The IMS recommends a multi-pronged approach to optimise brain health. Recommendations include:
- Limiting alcohol intake
- Quitting smoking
- Assessing and treating hypertension, dyslipidaemia and diabetes, aiming for a blood pressure level of ≤120/80mmHg
- Maintaining an exercise regimen of at least 150 minutes of moderate-intensity aerobic physical activity weekly
- Maintaining a healthy BMI of 18.5-25 and following a balanced Mediterranean-type diet
- Challenging the brain - reading, learning a new language, volunteering, and learning a new skill to increase cognitive reserve (the capacity to deal with cognitive declines)
- Maintaining social engagement, especially if they have a history of depression.
- Maki PM, Jaff NG. Brain fog in menopause: a health-care professional’s guide for decision-making and counselling on cognition, Climacteric, 2022.
- NAMS Position Statement. The 2022 hormone therapy position statement of The North American Menopause Society. Menopause, 2022.

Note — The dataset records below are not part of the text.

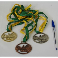 TRÊS MEDALHAS (5,5X7 CM), DE FORMATO OVAL, EM METAL, NAS CORES DOURADO, PRATEADO E COBRE, PRESAS, CADA UMA, A FITAS VERDE E AMARELA. POSSUI DESENHO DA 'PONTE JK', EM BRASÍLIA-DF, E A GRAVAÇÃO '6º CAMPEONATO BRASILEIRO DE KARATE-DO PROTECTOR / BRASÍLIA-DF 16 E 17/08/2003'. ACONDICIONADAS EM ESTOJO VERMELHO.
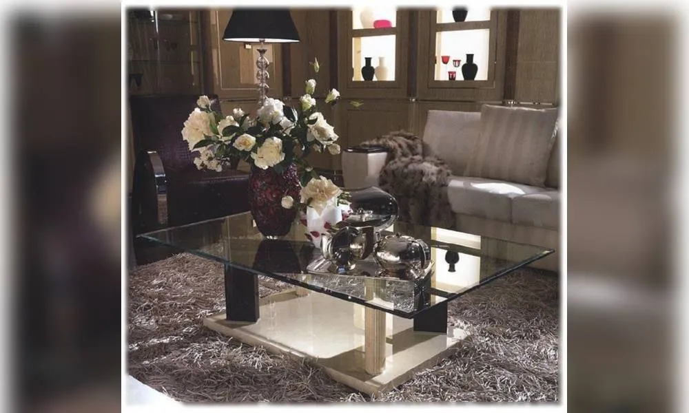 Журнальный столик со стеклянной столешницей. Декор ручной работы. Возможны другие цветовые варианты отделки.
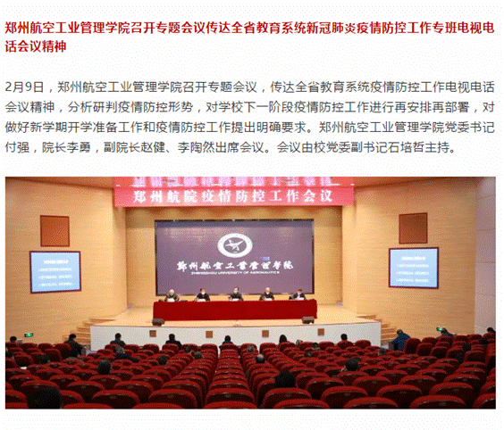 2月9日,我校召开专题会议传达全省教育系统疫情防控工作专班电视电话会议精神,对学校下一阶段疫情防控工作进行再安排再部署。2月11日,河南高教微信公众号对此进行了报道。
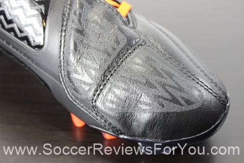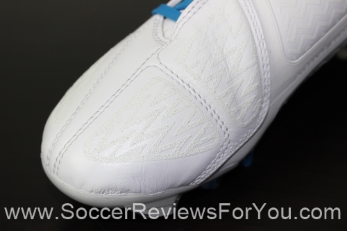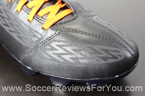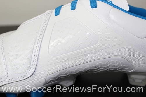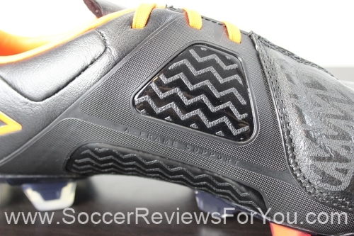 The instep of the boot also features an interesting control element. Filling out the gaps in the A-Frame Cradle are two large memory foam pads, finished with the same rubberized print found on the leather section of the upper. The finish on the pads is a lot more sticky that the leather part of the boot, allowing for plenty of grip on the ball when passing. The memory foam definitely does its part to help absorb some of the impact when controlling a pass, but admittedly has somewhat of a bulky feel.

- British Menopause Society. BMS & WHC’s 2020 recommendations on hormone replacement therapy in menopausal women. https://thebms.org.uk/publications/consensus-statements/bms-whcs-2020-recommendations-on-hormone-replacement-therapy-in-menopausal-women/
- Yoon B-K, Chin J, Kim J-W, et al. Menopausal hormone therapy and mild cognitive impairment: a randomized, placebo-controlled trial. Menopause, 2018.
- Kantarci K, Lowe VJ, Lesnick TG, et al. Early Postmenopausal Transdermal17β-Estradiol Therapy and Amyloid-Deposition. Journal of Alzheimer’s Disease, 2016.
- Klunk WE, Engler H, Nordberg A. Imaging brain amyloid in Alzheimer's disease with Pittsburgh Compound-B. Ann Neurol, 2004.
- Murphy MP, LeVine H. Alzheimer's disease and the amyloid-beta peptide. J Alzheimers Dis, 2010.
- Nishita Y, Sala G, Shinohara M, et al. Effects of APOEɛ4 genotype on age-associated change in cognitive functions among Japanese middle-aged and older adults: A 20-year follow-up study. Experimental Gerontology, 2023.
- Matyi JM, Rattinger GB, Schwartz S, et al. Lifetime estrogen exposure and cognition in late life: the Cache County Study. Menopause, 2019.